Thank you for fixing the thread. The Kings have a very formidable front line. I'm a big fan of Miller, who I think has stepped in and taken up for Webber nicely. However I still the Nuggets have an advantage with bigs. However Nene might not be playing. Trying to find out why he's been out of every pre-season game. If anyone has any info on Nene please let me know.


----------



## NugzFan (Jul 26, 2002)

how on earth people can make predictions and analysis of a preseason game is beyond me. its a coin flip because we dont know who is going to play and for how long. the 2nd half could be a battle of bench scrubs that gives us 0 indication of how the teams actually are.

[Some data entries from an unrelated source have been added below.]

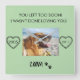 Celebrate the memory of a beloved companion with this customizable pet tribute design. Your pet’s photo is placed at the center, framed by two paw‑print hearts — one for the date of birth and one for the date of passing. Above the photo, the tender words “You left too soon, I wasn’t done loving you” offer comfort and remembrance. Below, your pet’s name appears in a graceful script with two paw prints for a loving finishing touch.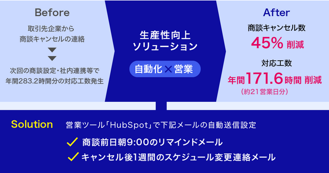 3.自動化×営業!「商談スケジュール調整対応の自動化で、商談キャンセル数 45%削減、対応工数 年間約21営業日分削減」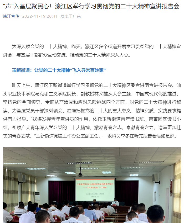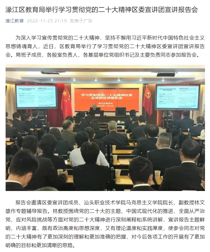 马院林文雄院长、陈辉林副院长作为市委理论宣讲团成员,先后赴濠江区宣传部、濠江区教育局、市档案馆等多个单位开展主题宣讲。两位宣讲团成员以暖心提气的话语、生动鲜活的案例、直观翔实的数据,对党的二十大精神进行了宣讲阐释,并获得好评。
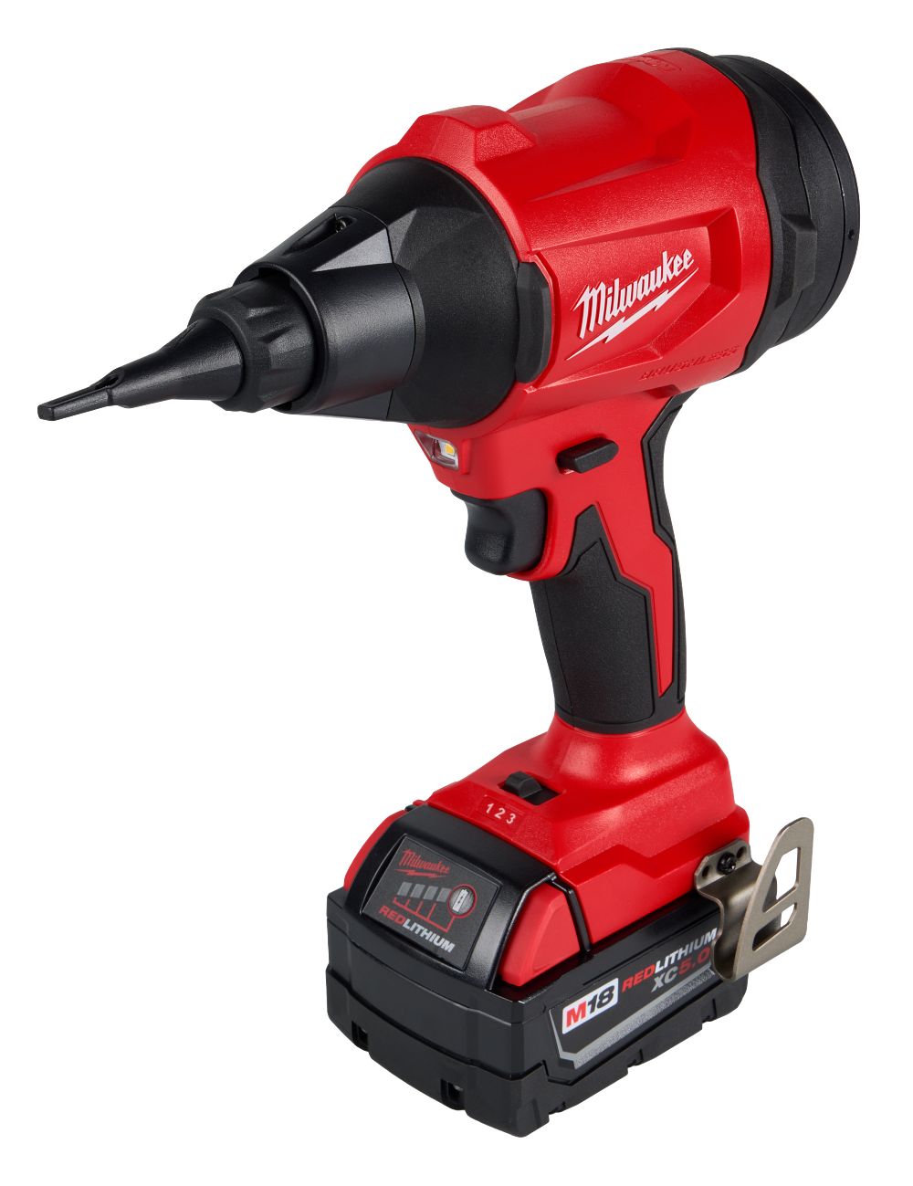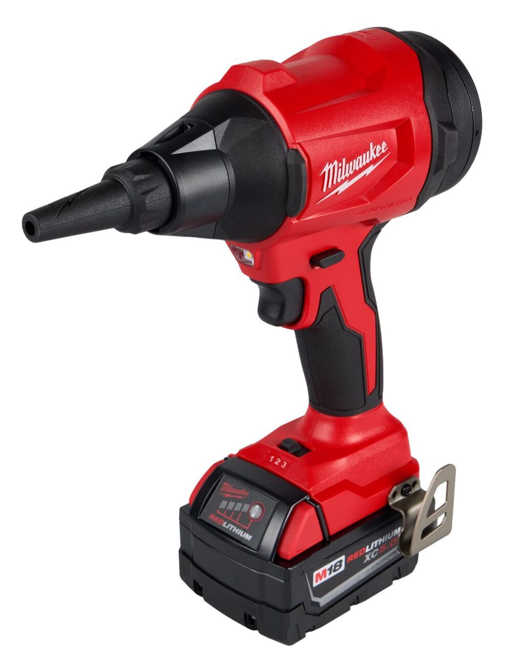 To keep everything organized, the kit includes a magnetic nozzle holder that features magnets, hang holes, and a lanyard loop. This makes it easy to store accessories on carts, metal cabinets, or tool bags so nozzles stay accessible instead of getting lost between jobs. The battery and charger are sold separately (kit – 48-59-1850) (XC5.0 battery – 48-11-1850), making this an easy add-on for anyone already invested in the M18 platform without forcing them to buy into a new system.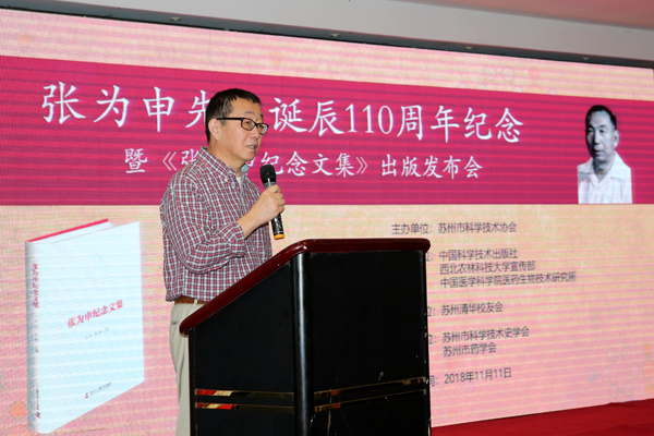 11月11日,張為申先生誕辰110周年紀(jì)念暨《張為申紀(jì)念文集》出版發(fā)布會(huì)在蘇州隆重舉行?;顒?dòng)由蘇州市科學(xué)技術(shù)協(xié)會(huì)主辦,蘇州市科學(xué)技術(shù)史學(xué)會(huì)和藥學(xué)會(huì)承辦,國(guó)內(nèi)醫(yī)藥界與科技史界有關(guān)學(xué)者、專(zhuān)家、領(lǐng)導(dǎo)和各單位160余人參加。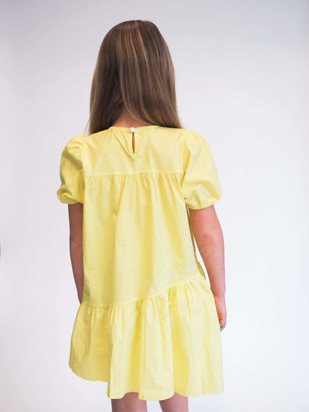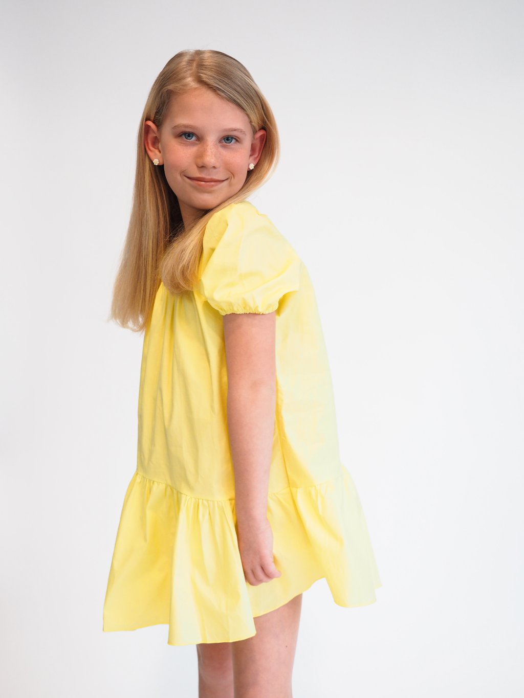Letní volné šaty s volánky ve žluté barvě. Udělejte radost vašim malým láskám volnými letními šaty.

wait til the last 2 preseason games (at the earliest) to get an idea of how good teams are.


----------



## 77AJ (Feb 16, 2005)

NugzFan said:


> how on earth people can make predictions and analysis of a preseason game is beyond me. its a coin flip because we dont know who is going to play and for how long. the 2nd half could be a battle of bench scrubs that gives us 0 indication of how the teams actually are.
> 
> wait til the last 2 preseason games (at the earliest) to get an idea of how good teams are.


To me it's more than just a coin flip NugzFan.....

Well I think pre-season games are good for a few things. One to estimate where the team is on a whole. Pre-Season games give you the opportunity to see how the bench and other players play that most likely won't see much playing time or any at all in the regular season.

Such as the article I found on Hodge and Kleiza. We now know they will be sent to the NBDL at least for some time. But the pre-season games give us some insight in to how they are acclimating to the NBA and their new team.

The same can be said for veteran players... Such as Vo Lenard. Coach Karl has said he has been the best player for the Nuggets during training camp. He has performed well in the pre-season. Voshon Lenards last game. He chipped in 17 points on 7-of-13 shooting. So because of pre-season games we get to see what Coach Karl is talking about.

These are some of the things I like about pre-season basketball. Also I'm a big Nuggets fan and very anxious for the season to begin. Watching and reading about the nuggets and commenting about what we have learned going in to the season is my approach. As Im sure you are well aware of by all the articles I have been reading and posting on this board for other Nuggets fans to read. Plus the threads I have started to make predictions on the Nuggets pre-season games and for anyone to add any insight on the Nuggets or the teams we are playing.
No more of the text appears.